While it has overtaken Flipkart to rise to the top of the heap in the e-tail market in July, its growth has been driven by a one-off discount rather than new customers
While Amazon might have struck gold with exclusive smartphone deals in India, overtaking larger rival Flipkart in terms of gross merchandise value in July, experts warn against reading too much into this metric.
The gross merchandise value, or GMV, of India’s three large e-commerce companies is still driven by smartphones; they account for 50-60 per cent of the overall sales value.
The rush to sign up exclusive deals with popular brands such as Motorola, Xiaomi, LeEco and OnePlus has largely fuelled the GMV race, and Flipkart has taken a big hit by losing Motorola to Amazon this year. Interestingly, Motorola was reintroduced in India through Flipkart in 2013.
“While Amazon has definitely become one of the largest players, we shouldn’t read too much into it, given that the spike (in GMV) is because of a specific product on which it is running a discount scheme. If you take that out, the GMV falls back down,” says a person with the knowledge of India’s e-commerce industry who does not want to be named.
In the three months that ended in June, the share of smartphones sold online dropped seven percentage points to 28 per cent, owing to the slowdown in discounts offered by e-commerce players.
The advantage Amazon has got is not sustainable. Flipkart, which has seen growth stagnate in the past few months, could easily boost its GMV by signing an exclusive deal or running a discount campaign. However, experts say that with a drought in funding, Flipkart’s power to make a comeback has been significantly reduced.
In a recent town hall meeting with employees, Flipkart co-founder and CEO Binny Bansal said that he wasn’t as worried about the competition with Amazon as he was about growth stagnating in the e-commerce market.

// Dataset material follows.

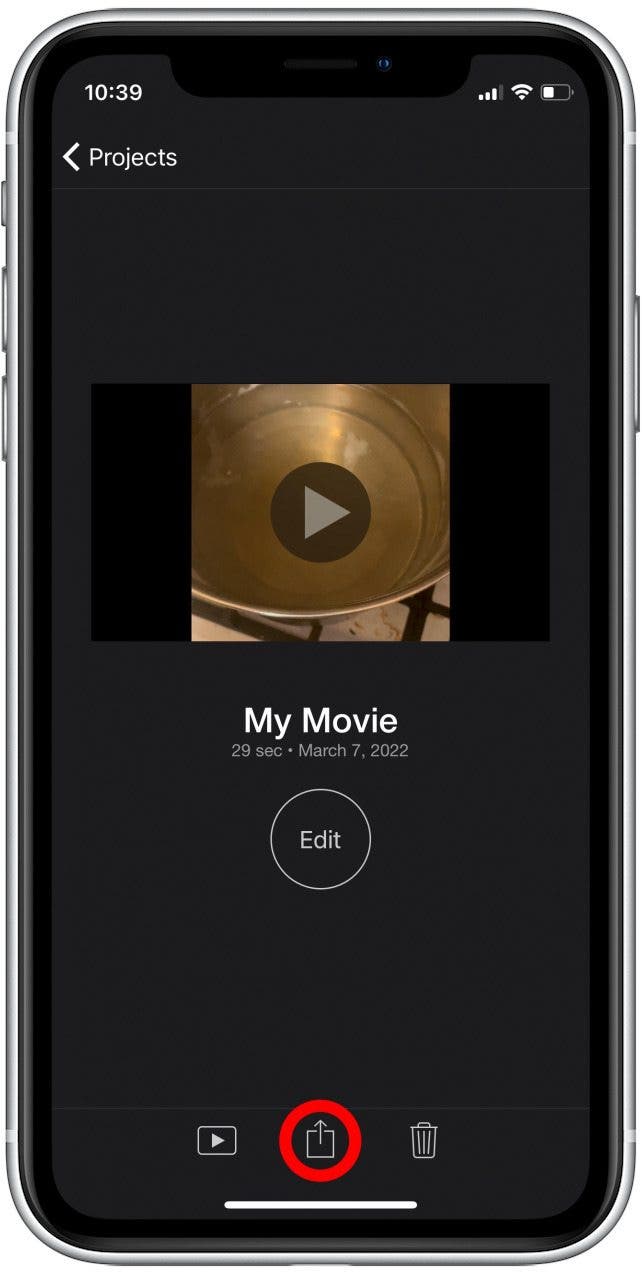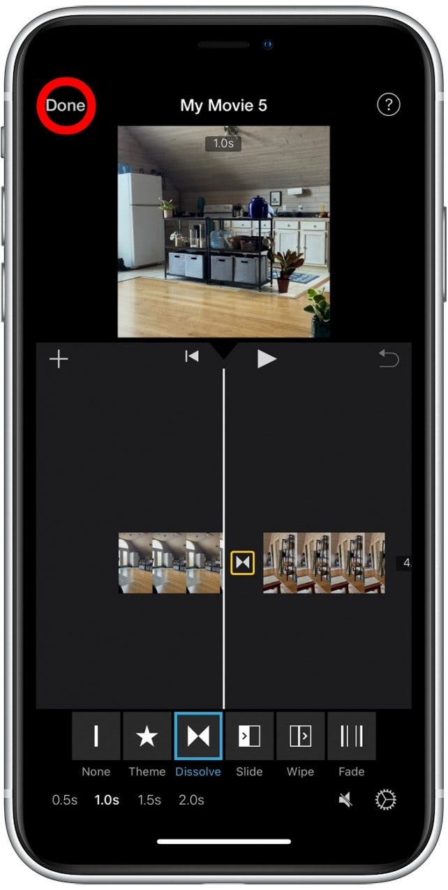 - 轻敲完毕将视频保存在 iMovie 中。

The inability of Flipkart to acquire new customers has led to its growth stalling in recent months and Amazon’s ‘land grab’ tactics has served as a double whammy.

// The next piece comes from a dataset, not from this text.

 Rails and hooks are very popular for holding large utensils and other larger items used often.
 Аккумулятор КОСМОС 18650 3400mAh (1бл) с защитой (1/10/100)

The Usain Bolt of e-retail
GMV might not be a great metric to track the size of e-commerce players, but it can perfectly gauge their growth, says another expert. “Amazon has grown from half the size of Flipkart to equal in the past 12 months.”
“If you draw a graph, one line is horizontal while the other is growing diagonally and it has just crossed that now. Amazon is coming from behind at a much higher speed, just like Usain Bolt who takes over at the later stage of the run. The story is not in the numbers, it’s in the trajectory,” he adds.

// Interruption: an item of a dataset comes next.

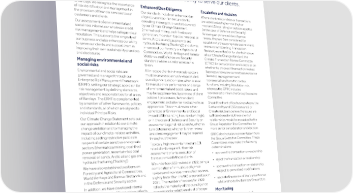 Strategic Shareholder Climate and Risk Financial Financial Barclays PLC 253 report information sustainability report Governance review review statements Annual Report 2022 ESG: Governance (continued) Managing impacts in lending and financing Appropriate management of environmental and social impacts helps to ensure the longevity of our business and our ability to serve our clients. At Barclays, we recognise the importance Enhanced Due Diligence Escalation and decision of risk identification and management in Our standards include an enhanced due Where client relationships or transactions the provision of financial services to our diligence approach for certain clients are assessed as higher-risk (high or customers and clients. operating in energy sub-sectors covered medium ESI risk rating) or outside appetite Our assessment of environmental and by our Climate Change Statement (in the case of Defence and Security) social risks informs our wholesale credit (thermal coal mining, coal-fired power following an enhanced due diligence risk management and helps safeguard our generation, mountain-top coal removal, oil review, they are then considered for reputation. This supports the longevity of sands, Arctic oil and gas projects and escalation to the appropriate business unit our business and also enhances our ability hydraulic fracturing ('fracking')) and clients review committee (e.g. Transaction to serve our clients and support them in in-scope of our Forestry and Agricultural Review Committee) or for clients in scope improving their own sustainability practices Commodities, World Heritage and Ramsar of our Climate Change standard, the and disclosures. Wetlands and Defence and Security Climate Transaction Review Committee standards where a similar approach is (CTRC) for consideration and a decision on Managing environmental and whether to proceed if transaction related. taken. social risks Business unit review committees comprise All in-scope clients in these sub-sectors Environmental and social risks are Business management and must be assessed annually via a detailed governed and managed through our representatives from the control due diligence questionnaire, which is used Enterprise Risk Management Framework functions, including Reputation risk, to evaluate their performance on a range (ERMF), setting our strategic approach for whereas the CTRC includes of environmental and social issues, and risk management by defining standards, representation from the Group Executive may be supplemented by a review of client objectives and responsibilities for all areas Committee. policies / procedures, further client of Barclays. The ERMF is complemented engagement and adverse media checks as Should the front office business team, the by a number of other frameworks, policies appropriate. This annual review either Sustainability and ESG team and / or and standards, all of which are aligned to Climate risk team believe the issues are generates an Environmental and Social individual Principal Risks. Impact (ESI) risk rating (low, medium, high), sufficiently material, these clients/ Our Climate Change Statement sets out or in the case of Defence and Security an relationships would be escalated to the our approach in relation to our climate assessment against risk appetite, which in Group Reputation Risk Committee for change ambition and to managing the turn determines whether further review more senior consideration and decision. impact of our climate-related activities, and client engagement may be required GRRC also includes representation from including setting restrictive policies in throughout the year. the Group Executive Committee. These respect of certain sensitive energy sub- Typically, high and certain medium ESI Committees may make the following sectors (thermal coal mining, coal-fired rated clients require further risk determinations: power generation, mountain-top coal assessment prior to execution of • approve the transaction or relationship removal, oil sands, Arctic oil and gas and transactions with those clients. hydraulic fracturing ('fracking'). • reject the transaction or relationship We undertook 869 reviews in 2022, being a We have also established positions on combination of annual due diligence • approve the transaction or relationship, Forestry and Agricultural Commodities, reviews and individual transaction reviews, subject to prescribed modifications World Heritage and Ramsar Wetlands and slightly fewer than the 903 we undertook in in the Defence and Security sector. • escalate the review of the transaction or 2021. The number of reviews for 2022 relationship to the Barclays Group CEO. In addition, we have developed internal reflects the maturity of the due diligence standards for each of these which reflects process and a reduction of out of scope Monitoring these positions in more detail. These referrals. As part of our management of standards, which sit under the environmental and social risks, we may management of Reputation risk in the require further client engagement in ERMF, determine our approach to climate relation to the specific environmental and change and relevant sensitive sectors and social risks that we have identified as part are considered as part of our existing of our enhanced due diligence process. We transaction origination, review and have used this engagement as an approval process. opportunity to gain a more detailed understanding of the risks and challenges that the client is facing and to better understand any climate transition plan that they may have.

Apart from GMV, Amazon has been able to match Flipkart on other metrics too, including the number of shipments. Both companies are said to be touching 300,000 packages a day.
Jeff Bezos, CEO of Amazon, recently announced that he is ploughing another $3 billion into India business. His intentions are clear: Amazon will be India’s largest e-commerce player - and not in the distant future, but now. Flipkart, on the other hand, has become a victim of Amazon’s aggression, with several investors marking down the value of their shares in the e-tailer by nearly a fourth over the past year.
While the narrative of India’s e-commerce story is increasingly siding towards Amazon emerging as the top player, many experts say there is enough room for more than one e-commerce player to thrive in India.
“I think both (Amazon and Flipkart) will continue to grow, but given that Amazon is far better funded and more confident, it will do anything to grow faster,” says Harminder Sahni, founder and managing director, Wazir Advisors, a consultancy.
“Plagued by investor and valuation pressure, Flipkart will not be spending as much money as Amazon. That said, I’m convinced that India is not a winner-takes-all market. It will not be like the US or China where there is Amazon and Alibaba and nobody else,” he adds.
Festive sales
The festive season could hold the answer to who the king of India’s e-commerce will be. With the Diwali quarter accounting for over half of all online sales, at the start of the new year, the spike in sales usually reaches the same level for all e-commerce players.
Last year, the e-commerce market grew to a new high after the Diwali sales, partly due to a smaller base and partly by marketing activities undertaken by each of the large players. Flipkart, Snapdeal and Amazon have set targets ranging between Rs 3,000 and Rs 5,000 crore (Rs 30-50 billion) in sales for the festive season this year.
However, with slowing growth, it will be interesting to see if they are able to attract new customers.
With marketplaces finding it hard to get new customers to shop online, growth over the past year has come only from grabbing market share from each other, says Anil Kumar, CEO of market analyst firm Redseer Consulting.
“The overall pie is not increasing, so Amazon can keep on ploughing money into India and corner a 60-70 per cent market share, but unless you’re able to grow the pie, what are you going to do after a year?
So while Amazon wants to be the market leader in India, it doesn’t want to do it just by burning money and not having a sustainable business model,” adds Kumar.
Ultimately, in India’s e-commerce market, the player that is able to bring customers who have never shopped online onto their platforms, will emerge victorious. While Amazon is looking at services such as Prime (its offers free one to two day shipping and on-demand video) to retain existing customers, it still hasn’t cracked the art of bringing new customers online.